Comment by the_af

Comment by the_af a day ago

16 replies

> The best AI coders are positioned as tools for developers, rather than replacements for them.

I agree with this. However, we must not delude ourselves and understand that corporate is pushing for replacement. So there will be a big push to improve on tools like Devin. This is not a conspiracy theory, in many companies (my wife's, for example) they are openly stating this: we are going to reduce (aka "lay off") the engineering staff and use as much AI solutions as possible.

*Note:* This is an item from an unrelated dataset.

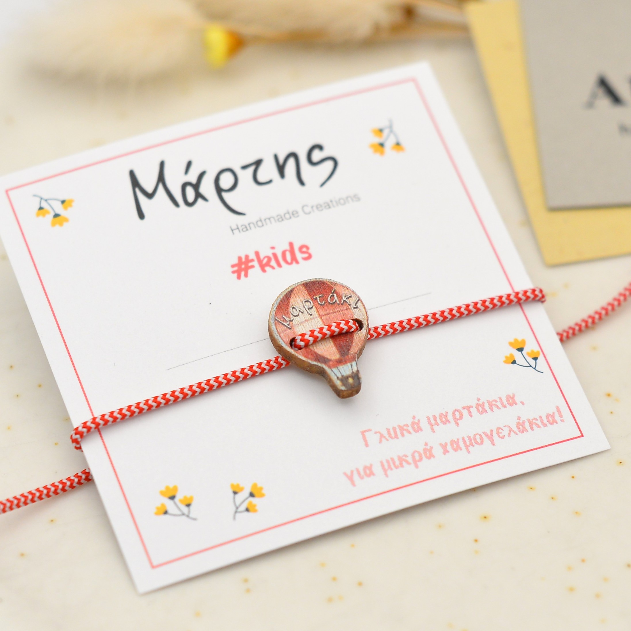 Παιδικό μαρτάκι από κορδόνι σατέν δίχρωμο πλεκτό, κορδόνι νάυλον και ξύλινο στοιχείο

I wonder how many of us, here, understand that many jobs are going away if/when this works out for the companies. And the usual coping mechanism, "it will only be for low hanging fruit", "it will never happen to me because my $SKILL is not replaceable", will eventually not save you. Sure, if you are a unique expert on a unique field, but many of us don't have that luxury. Not everyone can be a top of the cream specialist. And it'll be used to drive down salaries, too.

lolinder a day ago

I remember when I was first getting started in the industry the big fear of the time was that offshoring was going to take all of our jobs and drive down the salaries of those that remained. In fact the opposite happened: it was in the next 10 years that salaries ballooned and tech had a hiring bubble.

Companies always want to reduce staff and bad companies always try to do so before the solution has really proven itself. That's what we're seeing now. But having deep experience with these tools over many years, I'm very confident that this will backfire on companies in the medium term and create even more work for human developers who will need to come in and clean up what was left behind.

(Incidentally, this also happened with offshoring— many companies ended up with large convoluted code bases that they didn't understand and that almost did what they wanted but were wrong in important ways. These companies needed local engineers to untangle the mess and get things back on track.)

  • senordevnyc a day ago

    But having deep experience with these tools over many years, I'm very confident...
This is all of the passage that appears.